I need some advice, can you help?

I feel that this is a bit of a moan but I do think that most of you will understand.  I turned 30 in March and decided that this was going to be a year of stepping back and relaxing for a while.  My husband and I have been TTC since 2004 and we have been diagnosed with Unexplained Infertility.  We had are 3rd FET in December last year and the final straw came with the bad news of another go not working on Christmas Eve so as you can imagine not the Christmas I was hoping for.  Most days I stay positive but there are times now when I struggle to get out of bed if I'm not working.  This has become worse since my sister who is 23 got married in July and on first attempt is now 3 months pregnant.  My sister is a very young 23 and not always the most tactful person and life to her is a game.  With such an age gap between us I sometimes feel that she feels bitter about not being the 1st one to leave home, get married etc and therefore feels that she likes to do one better if she can.  I have a Golden Retriever who is 4 and to me he is my baby, following suit though my sister felt that she should also have a golden retriever and went ahead and proceeded to buy 1 and then another within a year of each other although knowing she was struggling to cope with one and that she was trying for a baby.  Her second dog is now 18 months old and is a very bosterous puppy, who with some training would be a lovely dog.  But when this was mentioned to her she automatically goes on the defensive.  Her announcement of her pregnancy came a few days after she decided that because I had made the comments regarding her dog and I was therefore interfering in her life and removed from her friends on ********.  She then contacted me to say she had some news, her words were "Don't be upset it will be your day one day and least you get to be an Aunty!"

This has hit me far worse than any of my close friends having children and I find my self shutting my self away more in hope that I grow a thicker skin and become less sensitive.  In the last 3 months 3 of my friends have had newborns and only 1 of them I have seen the others I have sent gifts but find it too hard to go and visit and that makes me feel awful too because I cannot muster the energy.  I have another friend due in June and my sister now in November and really need some motivation to get through this, Does it pass? or  get easier because I find it so hard to deal with and the people I hurt are my Mum and my husband because they are closest to me and they both know if it was in anyway possible I would move away to conceal my wounds.  But I know this is not the answer, I am normally a very strong person and only my very closest friends know of my infertility so I don't give much away very often but right now I feel I've lost my direction and I don't know which way to turn for this to become easier and so I can dust my self off and start forging a new life looking forward with my husband.

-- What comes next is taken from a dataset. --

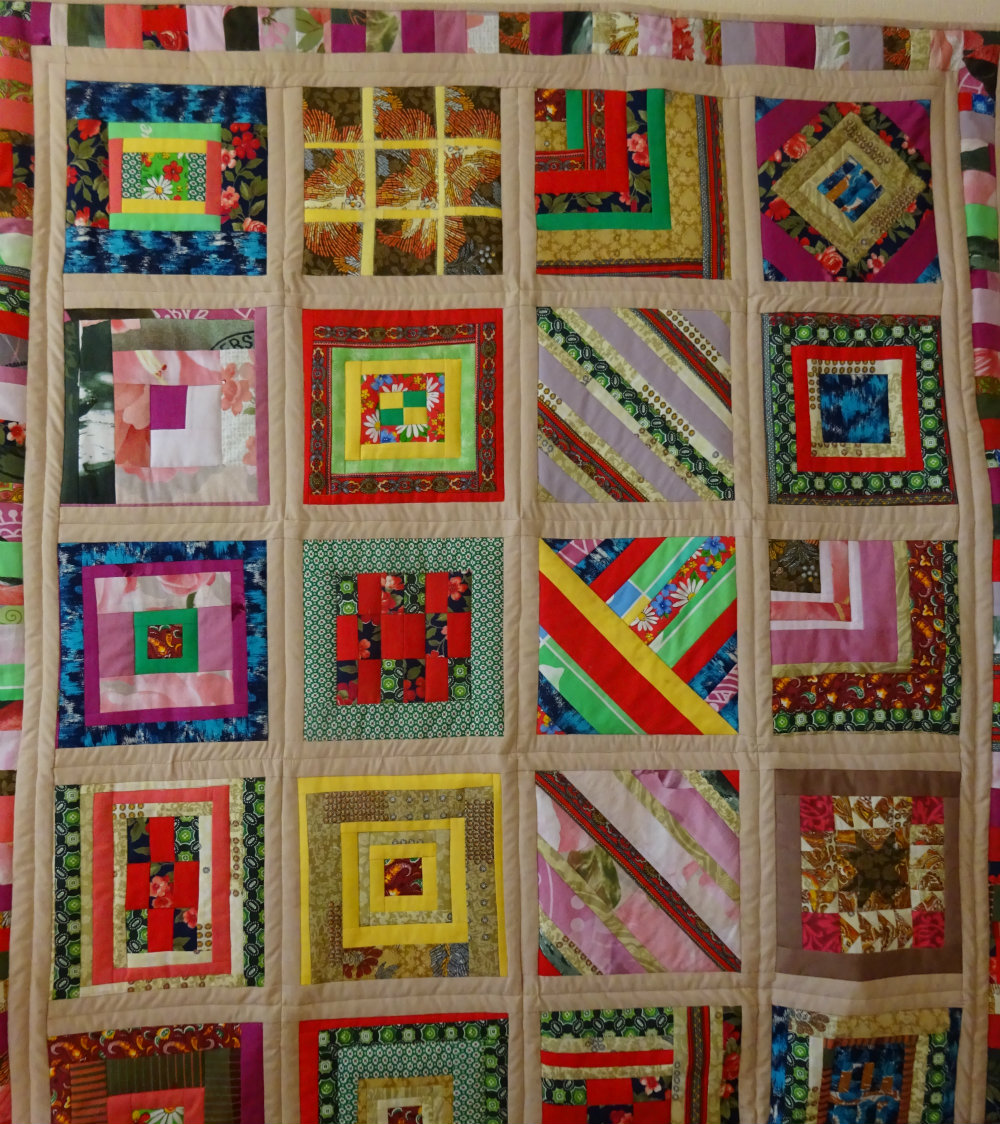Любовь Николаевна: Я люблю в лоскутном шитье не повторяться, осваивать разные по качеству ткани. Часто, особенно в период нехватки материалов, исходила из того, что было, и от этого рождалось одеяло, а не по схемам. Увидела как-то ткань по египетским мотивам, сделала произвольные простеганные блоки и собирала верх, исходя из тематики рисунка.

I hope you don't mind me moaning on but I need to release this someone and I know you will all understand.

Thanking you for reading my post.

Love and hugs


Mandy xx


----------



## Tinx (Sep 2, 2005)

Oh sweetheart, 

I TOTALLY feel for you, your feelings are soooo normal and we all go there at some point. I am afriad that i am the same as you, I tend to shut myself off and have lost various friends due to their pgs over the years as I just cant cope with it all. I even used to cross the road if a pg woman was coming my way! I am not so bad now but i still find it toug. Having a sister like your is also a real test of your patience and I am sorry that its like that for you. 

All you can do is acknowledge and accept your feelings, and try to coe with them on a daily basis. Things will beocme easier but its a long old journey. You need to be kind to yourslef and not feel guilty for your feelings. Nobody understands our pain unless they are going through it themselves.

Take care and enjoy your dh and look to your future, be positive and hopeful and you will be ok honey.

Take care, love Tinx xx


----------



## pippilongstockings (Dec 8, 2005)

Oh Mandy, you poor thing.  You sound really down    Infertility is so hard isn't it?  It sometimes feels like EVERYONE is pregnant or has a baby and it's so hard to keep up the pretence that everything is ok and you're fine  

Do you have any plans for more tx?  That's the only thing that keeps me going, knowing that we WILL get that BFP soon.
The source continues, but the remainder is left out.